2016-05-29

China's Default Bombs Haven't Been Defused

Caixin: Why Property Financing Drew Blood in Nanyang
But a retired prosecutor who intentionally plowed his BYD SUV into a group of schoolchildren February 29 in Nanyang, in central China's Henan Province, has exposed a dark side of that city's private financing network.

Ma Gaochao, 60, reportedly lost 12 million yuan in a real estate financing scheme before venting his frustration by steering into the secondary school students at a campus gate. A 16-year-old girl died, and 11 students were injured, two of them seriously.

Ma fled but after being caught told police he had "intentionally" mowed down children to focus a public spotlight on the developer that drained his bank account, police officer Huang Shaofan told Caixin.
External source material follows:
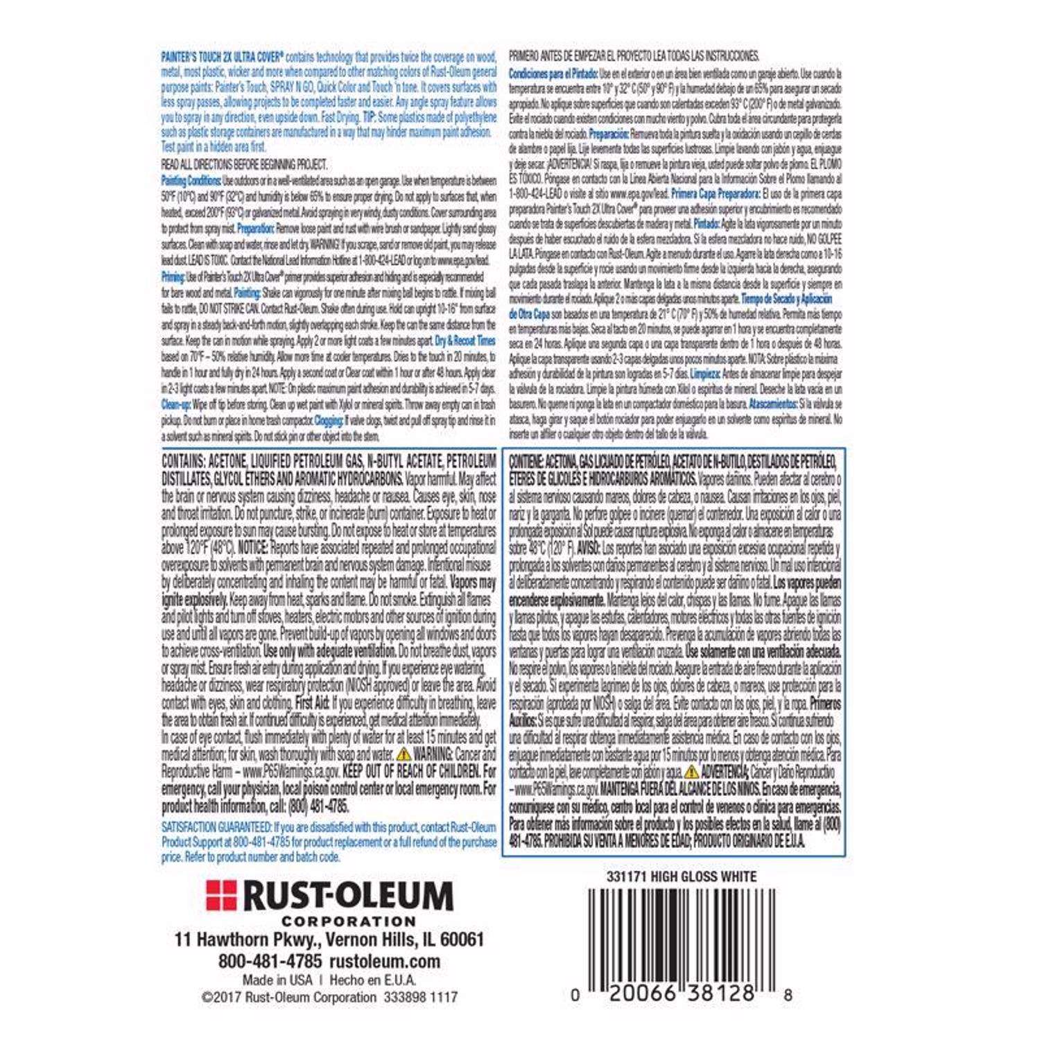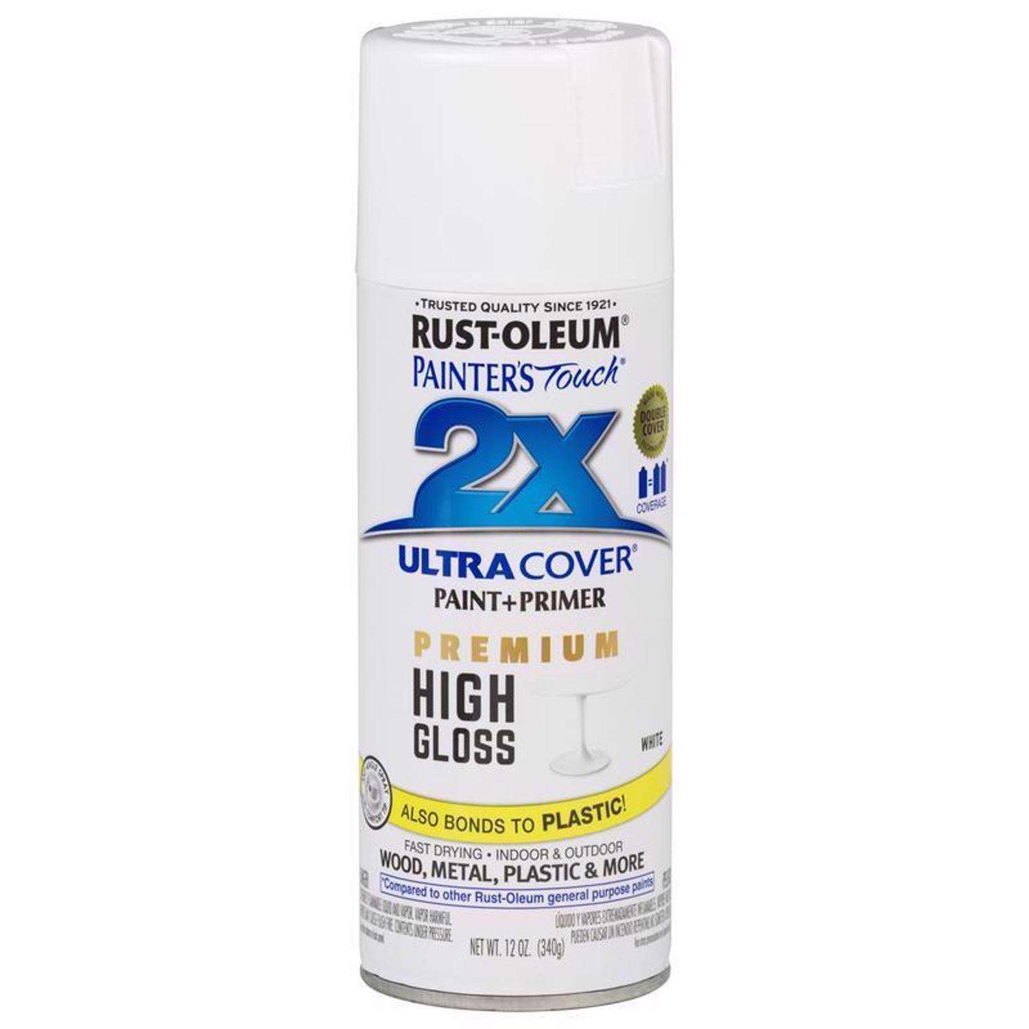 Rust-Oleum Painter'S Touch 2X Ultra Cover High-Gloss White Paint+Primer Spray Paint 12 Oz

...Ma's request was more than well-received. In fact, in addition to probing Daxin, city authorities said that as of April they had launched 100 investigations into allegedly illegal fundraising involving tens of billions of yuan.
More than 100 investigations were launched in April, but the illegal fundraising market collapsed more than a year ago.

Nanyang was covered in depth in March of last year. Housing and Illegal Fundraising Schemes Collapse Across Henan Province
A team leader with the Public Security Bureau's illegal fundraising task force in Nanyang said, "This is only the beginning, I expect next year will be even more serious."

...A 40 year-old investor Li said he invested ¥2,490,000 with Nanyang Moyu Development. Since August, he's been unable to get his money. Everyday he does two things: demand repayment with other investors and fight with his wife. 38 year-old investor Song invested ¥1,700,000 with Moyu and said he quickly realized after investing that he had been duped. Investor Fang took his life savings and the savings of his family. He invested ¥1,000,000, hiding the fact even from his son, and now finds his money is stuck. The three stories are a sample of the more than 3000 investors who are victims of the latest real estate collapse in China.

Around Spring Festival, Moyu, Daxin and Yilin, three investment companies, went broke one after the other. All told more than 10,000 investors are estimated to have lost upwards of ¥1 billion in a still unfolding collapse that has crushed their dreams of striking it rich.
Government officials were supposedly on the ball, having themselves lost money:
The real estate market and private lending market collapsed in Nanyang, Henan. Since August of last year, the market has been in trouble, but in recent months, illegal fundraisers have gone down like a series of dominoes. One investor who lost his money said he estimates half the city participated in various fundraising schemes. One government official said many investors have already died, either by suicide or out of despair, and many government officials have also lost their money
Officials knew all about this problem last year, yet a year later, Mr. Ma drives his car into a group of schoolchildren because he doesn't think the government cares. In April hundreds of investigations are underway.

This is part of an emerging pattern in 2016: old bankruptcy risk and outright default cases are reappearing because they were never solved. Coal mines and steel mills were given loans and subsidies to prop up the local economy. Many local real estate developers used illegal financing and/or high risk financing, with losses concentrated in the local economy. People lose their savings, home values collapse, land sales halt, and GDP plummets if developers stop building, so the solution was whatever keeps the building going. Now in 2016, years of extend and pretend is starting to fray.